A marketing copy generator or a brainstorming assistant lives at the opposite end. There you want variety on every regeneration, so 0.8 to 1.2 is typical. Code generation also wants low temperatures (0.0 to 0.2) because there is usually exactly one correct line and many almost-right lines that will not compile.
Rough working defaults for product builders:
- Code or SQL generation: T = 0.0 to 0.2
- Grounded RAG answers and factual Q&A: T = 0.2 to 0.4
- General conversational assistant: T = 0.5 to 0.8
- Creative writing, brainstorming, taglines: T = 0.7 to 1.2
Temperature is distinct from prompt engineering. The prompt is the input the model reads; temperature is a sampler knob applied after the model has produced its logits. You can have a perfectly written prompt and still get wild outputs if T is set high, and you can have a sloppy prompt that is rescued from variance by setting T to 0.
Temperature 0 is not deterministic (the gotcha)
The single most common misconception about temperature is that T = 0 guarantees identical output across calls. It does not, and most blog posts skip this.
At T = 0 the softmax collapses to an argmax: the highest-logit token wins every time. This is called greedy decoding. In theory that should produce byte-identical output on every call with the same prompt. In practice it does not, because the major providers run inference in batched, mixed-precision kernels on GPUs where floating-point operations are not associative. Two runs that batch your request alongside different neighbors can produce different rounding in the final logits, and a tiny rounding shift can flip which token is the argmax. Once one token differs, the rest of the generation diverges.

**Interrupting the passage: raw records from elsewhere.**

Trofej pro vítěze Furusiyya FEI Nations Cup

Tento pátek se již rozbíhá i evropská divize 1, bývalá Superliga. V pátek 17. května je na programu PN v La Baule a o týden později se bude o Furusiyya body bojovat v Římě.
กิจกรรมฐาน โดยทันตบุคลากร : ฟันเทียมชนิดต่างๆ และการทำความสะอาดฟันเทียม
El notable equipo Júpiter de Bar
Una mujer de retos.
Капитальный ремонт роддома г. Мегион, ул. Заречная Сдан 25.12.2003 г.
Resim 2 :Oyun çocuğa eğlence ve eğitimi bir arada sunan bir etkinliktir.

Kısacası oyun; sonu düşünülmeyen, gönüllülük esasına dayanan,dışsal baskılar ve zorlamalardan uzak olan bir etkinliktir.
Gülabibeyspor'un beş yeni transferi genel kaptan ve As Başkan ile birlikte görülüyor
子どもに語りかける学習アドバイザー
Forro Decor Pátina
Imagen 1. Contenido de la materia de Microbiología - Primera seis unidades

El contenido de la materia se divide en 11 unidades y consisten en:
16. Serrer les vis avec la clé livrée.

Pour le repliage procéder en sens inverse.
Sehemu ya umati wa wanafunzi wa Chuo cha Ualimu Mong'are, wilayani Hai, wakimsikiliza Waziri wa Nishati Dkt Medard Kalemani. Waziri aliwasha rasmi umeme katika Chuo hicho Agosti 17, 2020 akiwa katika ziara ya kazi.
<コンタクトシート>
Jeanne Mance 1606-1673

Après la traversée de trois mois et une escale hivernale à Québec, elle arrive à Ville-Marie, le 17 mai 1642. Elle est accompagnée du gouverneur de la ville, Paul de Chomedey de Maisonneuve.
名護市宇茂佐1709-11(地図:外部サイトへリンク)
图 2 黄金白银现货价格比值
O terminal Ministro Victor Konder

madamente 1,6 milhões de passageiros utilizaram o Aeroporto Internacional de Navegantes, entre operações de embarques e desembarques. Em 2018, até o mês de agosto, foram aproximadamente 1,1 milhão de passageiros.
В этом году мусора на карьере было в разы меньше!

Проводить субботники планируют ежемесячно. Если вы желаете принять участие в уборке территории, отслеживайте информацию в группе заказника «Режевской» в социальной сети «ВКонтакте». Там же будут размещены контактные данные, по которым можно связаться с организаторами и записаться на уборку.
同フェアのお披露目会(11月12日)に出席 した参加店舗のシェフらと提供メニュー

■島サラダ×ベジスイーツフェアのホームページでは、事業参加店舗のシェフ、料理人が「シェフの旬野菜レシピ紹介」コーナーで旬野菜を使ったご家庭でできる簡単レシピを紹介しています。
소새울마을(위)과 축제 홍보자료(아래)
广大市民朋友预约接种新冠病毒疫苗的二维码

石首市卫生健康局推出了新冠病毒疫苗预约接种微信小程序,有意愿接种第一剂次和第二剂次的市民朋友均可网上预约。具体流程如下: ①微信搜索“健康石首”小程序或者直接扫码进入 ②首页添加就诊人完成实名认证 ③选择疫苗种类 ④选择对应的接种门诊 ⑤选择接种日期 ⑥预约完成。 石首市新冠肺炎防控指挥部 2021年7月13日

OpenAI and Anthropic both document this. Their answer is the seed parameter, which gives best-effort reproducibility: same prompt plus same seed plus same model snapshot will usually give the same output, but is not contractually guaranteed. The OpenAI API also returns a system_fingerprint you can check to detect when the backend has changed underneath you. If you need true determinism for evals or regression tests, the realistic move is to set temperature to 0, pass a fixed seed, log the fingerprint, and accept that occasional drift is part of the deal.